At a high level, it seems to be working, we’re figuring out how to use these tools at scale, and starting to collaborate across and beyond our ecosystems.

COVID is an inflection point.

And WFH is the future of work. Not because Twitter, Facebook, Salesforce and Google have all agreed to WFH, But because WFH forces companies to reconsider their operating model in light of a new set of constraints that cannot be managed from a top-down hierarchy. And I believe this is the tip of the iceberg.

See this great post from my former Dachis Group colleague Dion Hinchcliffe on How Work Will Evolve in a Digital Post-Pandemic Society Dion’s infographic below offers a series of shifts in how we view the organization’s operations, model, and approach.

This graphic is one great representation of what I think the future holds: the successful, surviving post-pandemic organizations will operate as distributed teams, designed for a loss of control (always calibrating back to first principles), with a focus on communities of stakeholders within (employees) and beyond (suppliers, channel partners, customers) the organization.

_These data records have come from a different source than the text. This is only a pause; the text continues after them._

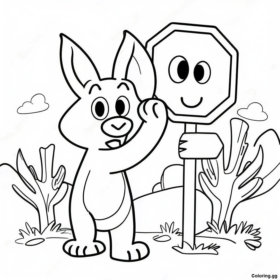 Завантажити версію Смішний Знак Стоп З Тваринами Для Розмальовки для друку в PDF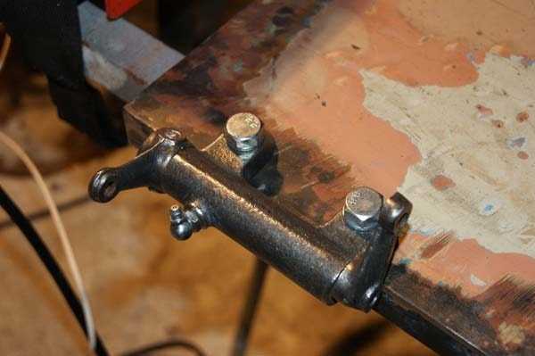 К металлическому штоку амортизатора необходимо приварить проушины, к которым в последующем будет крепиться болгарка или пила-торцовка. Предварительно следует выполнить такие монтажные проушины по размерам имеющегося у вас инструмента и сделать в металлических скобах соответствующие отверстия для крепления углореза.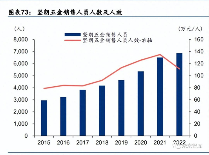 13-17 年,渠道铺设期,坚朗五金销售费用增速显著高于营收增速,18 年二者增速匹配, 19 年起销售费用增速显著下降,低于公司收入增速,但在此期间销售人员人数仍在增长, 但 15-21 年公司人效保持快速增长。根据销售费用拆分,其中 70%来自于人员薪酬,销售 人数方面,22 年虽仍有增长,但增速显著放缓,同比+5.4%,为近 7 年最低增速,根据调 研,23 年公司计划精简人员,目标相较 22 年底同比-5~-10%,结合人效修复下,对净利 率或有 1pct 以上的增厚作用。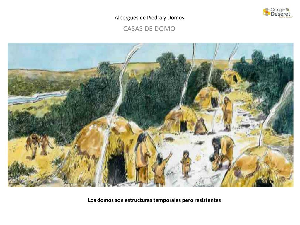Albergues de Piedra y Domos CASAS EN PIEDRA Los albergues de piedra eran parecidos a tener cuartos con vista panorámica los cuales eran muy cómodos para los habitantes prehistóricos. En esta escena una pequeña familia prehistórica camina por el río Pecos enfrente de lo que actualmente se llama Albergue Fate Bell. (Pintura de la artista ReedaPeel)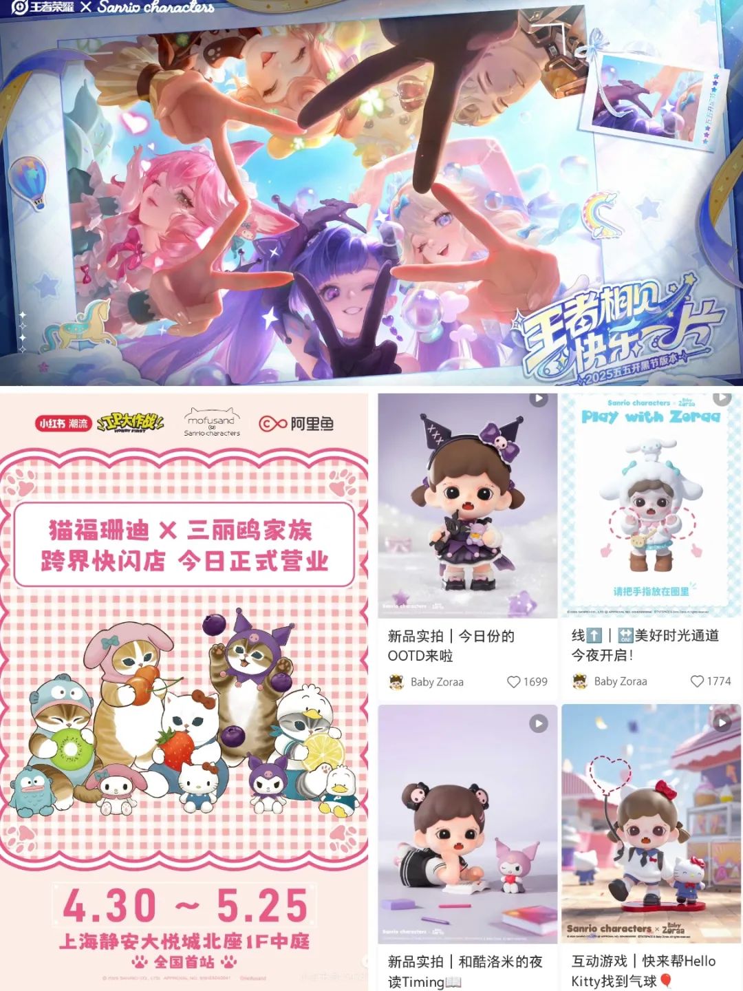 头部IP之间的联名及快闪受到欢迎。例如,阿里鱼运营的“三丽鸥家族”就在五一期间联动了“猫福珊迪”在上海静安大悦城启动了双IP跨界快闪。同期,“三丽鸥家族”还与B站的头部国创IP“时光代理人”合作,推出系列周边并在杭州、北京、武汉三城推出主题餐厅。今年以来,除了上述合作,“三丽鸥家族”还相继与“Zoraa”“卓大王”“第五人格”“王者荣耀”等不同类型的IP推出联名周边,并取得不错的市场反馈。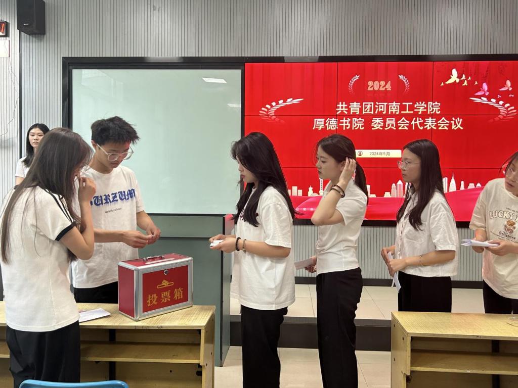 为了推动书院工作开展,加强队伍建设,选拔一批品学兼优、责任心强、有较强组织能力的学生代表,2024年5月16日在教学一楼B105召开共青团河南工学院厚德书院学生代表大会,书院辅导员闫冰冰、牛伟明以及学生代表参加了本次会议。

These organizations will deliver value through partnerships that increase their surface area, enabling their network to drive exponential growth, as they test out the new value and delivery models.

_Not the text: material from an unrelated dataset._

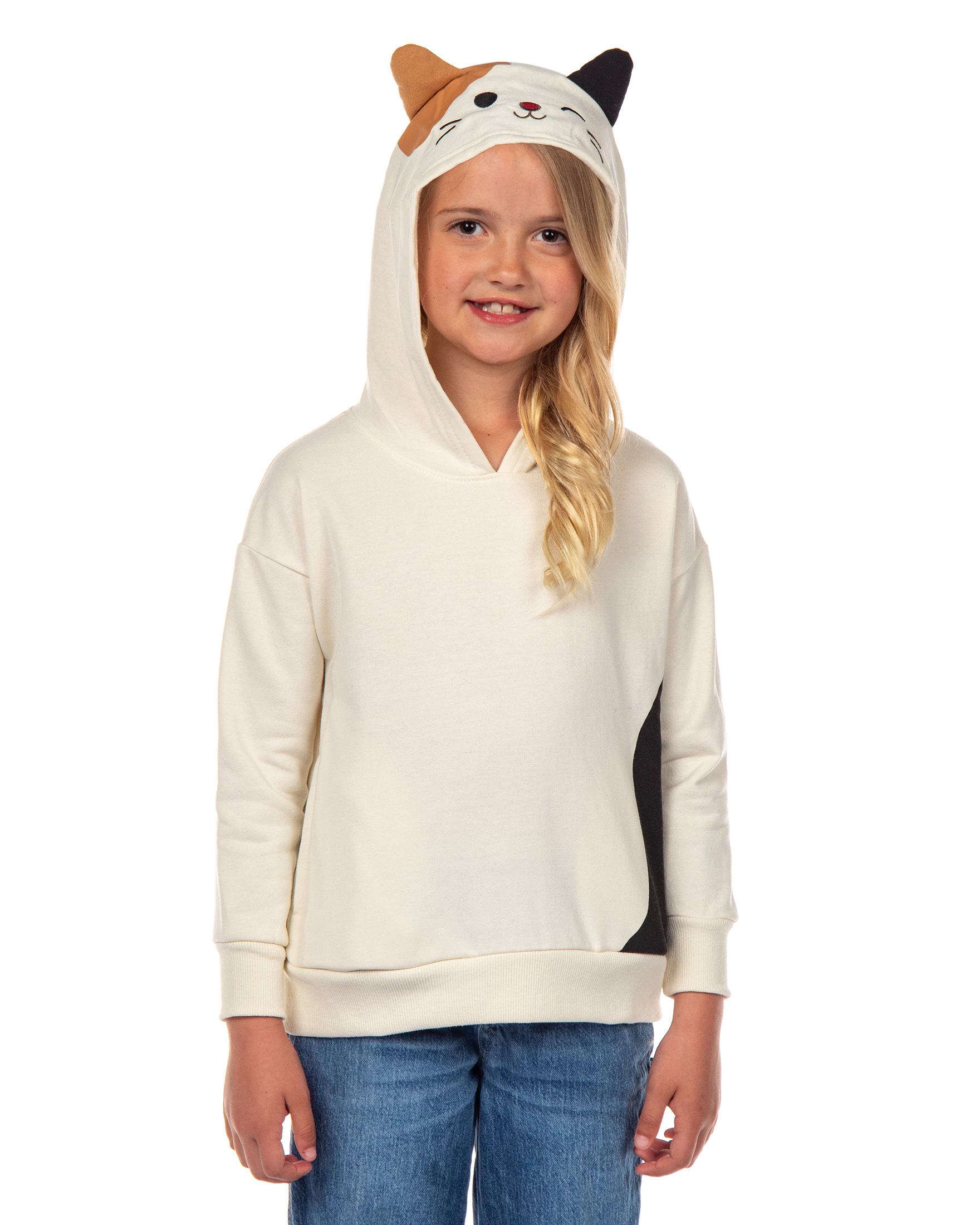 Let her bring her favorite Squishmallow buddy everywhere with this Cam the Cat hoodie – a playful blend of cozy comfort and adorable design. The 3D plush ears, embroidered face, and signature black spot bring Cam’s charm to life, turning an everyday sweatshirt into her new go-to favorite. Crafted from a soft cotton/polyester blend, it’s made to keep her warm and comfortable through every adventure, from school days to movie nights.

Within that same survey, BOND Capital also surfaced the concerns with large-scale remote work include questions of how to:

1.) Ensure creativity is captured and productivity is maintained

2.) Determine which teams are optimized by working together in-person all the time / some of the time / rarely.

3.) Maintain engagement and culture(s), recruit / train / develop / retain people, and manage human resources

4.) Manage technology/security with rising numbers of remote workers

5.) Think about recruiting if physical proximity to headquarters/office is less relevant

6.) Organize / utilize office space(s)

7.) Evolve business travel and entertainment

These questions have been addressed successfully by other organizations big and small in the past, however, answering them in light of COVID is a necessary exercise in establishing the new rules of the game and how we should think about a new environment and operating model.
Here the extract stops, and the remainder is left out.